Ketika ditanya bagaimana cara ia menguping para perumpi, tanpa sungkan Masturi
menjelaskan. Katanya, ia pura-pura mencuci piring di dekat garasi rumahnya yang tak
memiliki mobil itu. Dari tempat itu ia jelas sekali mendengar percakapan para ibu rumah
tangga tersebut. Kalau tak pura-pura sedang mencuci piring, sambil menyiram bunga
ataupun membersihkan halaman rumah.

"Ibu memangnya tidak curiga, pak Masturi?" tanya Ibram masih terkekeh.

Ia menggeleng. "Perempuan dilahirkan untuk dibohongi laki-laki, dan istri ditakdirkan


mudah dikibuli suami. Makanya suami lebih sering berselingkuh tapi tak pernah ketahuan
dibanding istri karena laki-laki amat licik," jawab Masturi dan kelopaknya matanya
terpejam-pejam. Kami pun yang mendengar tertawa.

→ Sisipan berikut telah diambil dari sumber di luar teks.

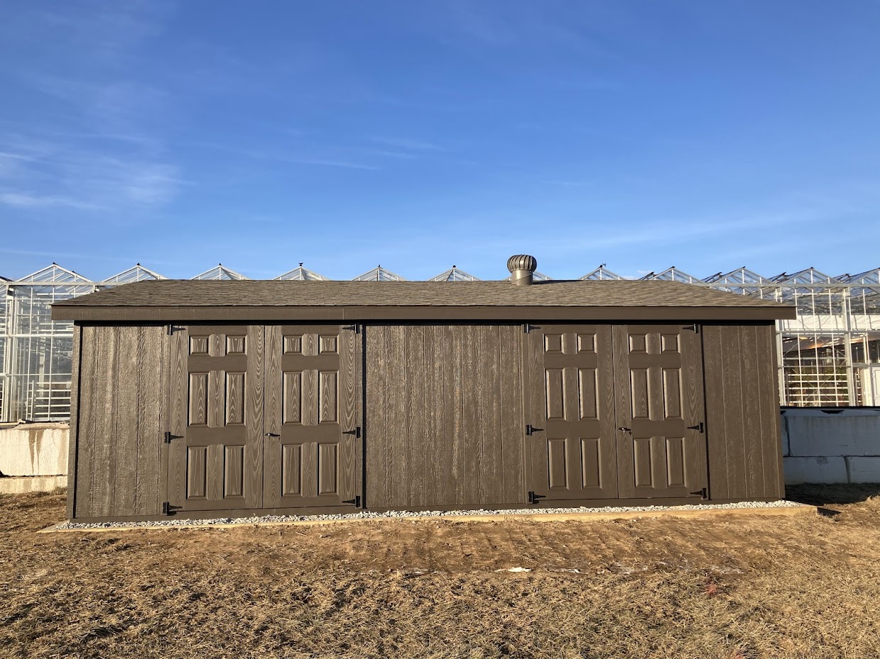 Shown in LP Painted Brown B & B siding, Brown trim, and Black roof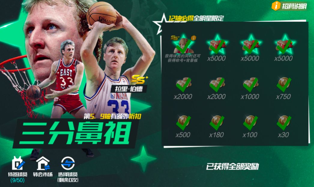 活动期间,可使用【精准招募函】在【精准招募-三分鼻祖】池中,招募全明星队拉里·伯德。

Masturi juga terkenal pandai melucu. Meski bahan lawakannya itu ia dapatkan dari
menguping para ibu rumah tangga. Karena itu, jangan tersinggung apalagi emosi, kalau
kami yang mendengar ceritanya kerap juga dijadikan bahan tertawaannya.
Karena itu pula, tak urung Masturi kami gelari sebagai laki-laki penguping. Dan, ia tak
pernah tersinggung. Bahkan, gelar itu dengan bangga ia sematkan di antara namanya:
Masturi Laki-laki Penguping yang disingkat jadi Masturi LP. Dari kebiasaan mencuri
percakapan para istri itu, kemudian ia jadikan pencarian tak resmi untuk membeli rokok.
Soalnya Masturi selalu kami butuhkan untuk menghidupkan suasana mengobrol saat
begadang. Ia juga tanpa sungkan meminta rokok atau uang, jika kami hendak mendengar
ceritanya.

"Mau bayar berapa, kali ini ceritanya lebih seru.." tantang Masturi.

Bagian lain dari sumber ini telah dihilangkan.